Evidence 1. Obsoletion and the upgrade. These days, as soon as you hand over your hard-earned cash to the grinning devil's tool of a computer salesman, your newly-purchased baby will become as obsolete as the 8-track. Listen closely next time you purchase a computer; if you do so, you will be rewarded by the wet sucking sound of your dollar bills going down the kitchen disposal. Think you've got them beat with 450 MHz? Well, how about 500 MHz? My friend Dana thought he was ahead of the pack with his 600 MHz monster, dubbed "SuperMachine." However, now Gateway with their cutesy cow computers have 650 MHz as standard issue. Now, if all this business about the difference between megahertz (megahertzes?) was only about keeping up with the proverbial Joneses, then we would have little to worry about except for bruised egos and a little processor-envy, wink wink. The problem is that everything keeps surging ahead, software, hardware, and otherwise, and in a couple of years your prized 650 MHz-equipped showdog won't even be able to run screen savers at optimum speed. (For those of you who are under-knowledged in the computer business, "screen savers" are little men in your computer that eat the lint that might otherwise stick to your computer screen. Helpful little guys, eh?) In the end, the only thing that megahertz is your cash flow. When you get behind, you might think that a clever alternative to buying a whole new computer is to upgrade, but here too, you will get shafted, because here too, as soon as the additional RAM or MHz or GB or washer/dryer combo is installed in your system by technicians with barely concealed smirks, the wet sucking sound will commence, and Microsoft will introduce its new, improved, hydraulically-powered model. Your upgraded baby will have rejoined the legions of the 8-track.

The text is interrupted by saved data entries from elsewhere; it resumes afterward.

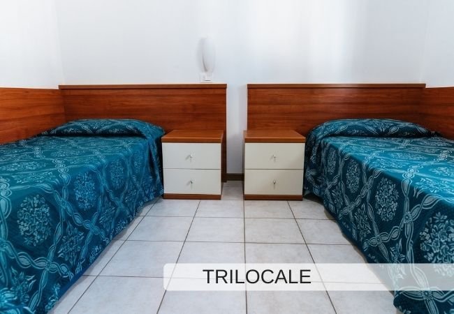 TRILOCALI FINO A 7 PERSONE camera matrimoniale, camera doppia con letti singoli e a castello, divano letto, angolo cottura, box doccia, balcone arredato.
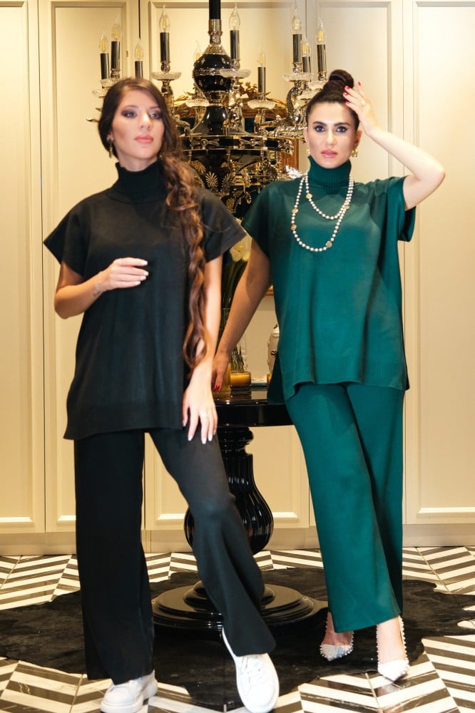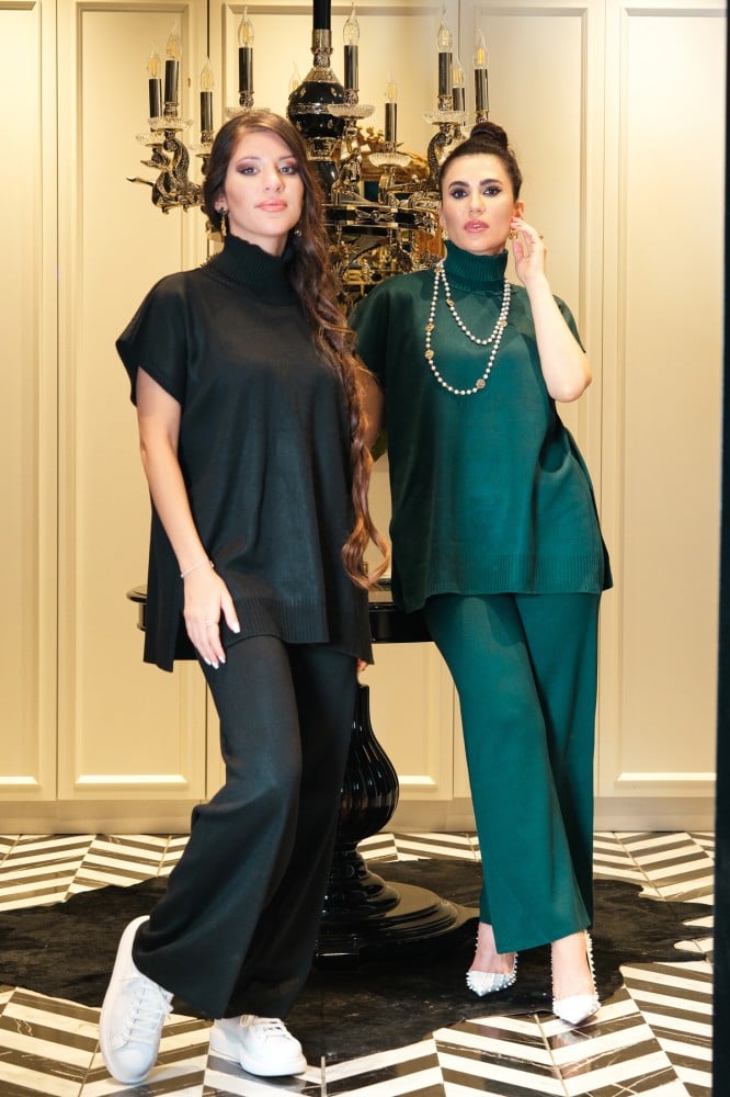طقم الصوف من ريمان يتميز بأكمام قصيرة و ياقة مرتفعة..
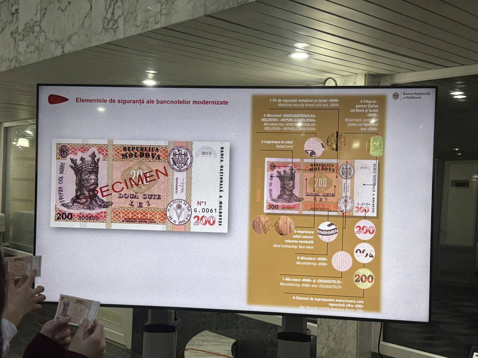 Interesantă a fost discuția despre securitatea bancnotelor și metodele de prevenire a falsificării acestora. Elevii au aflat cum să recunoască elementele de siguranță ale leului moldovenesc și de ce este important să fie vigilenți în tranzacțiile lor financiare.

Evidence 2. The crash. How many times have you been hard at work on a paper or porn download when suddenly, your machine has a stroke and your efforts are for naught? I used to think that this was a problem native only to Windows-based machines, and I cursed Bill Gates mightily with invocations of toe fungus and cracked glasses. However, during my time here at "dear old" Dartmouth, I have discovered that Macs, too, are prone to the same type of irritating problems. Ask anyone who has an iMac: they can show you the paperclip that they have to use in the side of their computer in case of a system freeze. For, you see, iMacs have no simple "power" button. They were initially designed by brainless idiots with a fetish for Bondi Blue. The crashes I have mentioned can be triggered by someone doing something so brash as running Word and an internet browser at the same time (the scoundrel!), or even if you look at the computer wrong. I have been witness to bizarre events. On one occasion, a paper I was working on was retitled with the name of an MP3 when I saved the document. Have you ever tried to pass in a paper on metaphysical poetry with the title "Jimi Hendrix- All Along the Watchtower"? It just doesn't fly with professors.

Evidence 3. The conspiracy. Sometimes I think that no humans really know how computers work on the inside, and that computers are being built and serviced by secret aliens. The humans are just pretending, acting as puppets for their extraterrestrial comrades. Have you ever been able to get a straight answer about what's wrong with your computer when you ask a help-desk person? I think that "help-desk" is an absurd, entirely inaccurate term. In the off-chance that one of the people DOES decide to give in and ask their secret alien how to fix the problem, they will return to you and deliver their answer in the snottiest tone possible. "Well, 'sir,' your CPU is obviously having issues with its motherboard, and if it has a babyboard, the motherboard will be mellowed by grandmotherboardhood. This is something a child can see. You are a moron and should not be allowed to breathe the same air that computers do." And on another note, I have personally seen my cousin build a computer, so he is an alien. Not so secret anymore, eh cuz?

Conclusion. Computers bite the big one in the sky.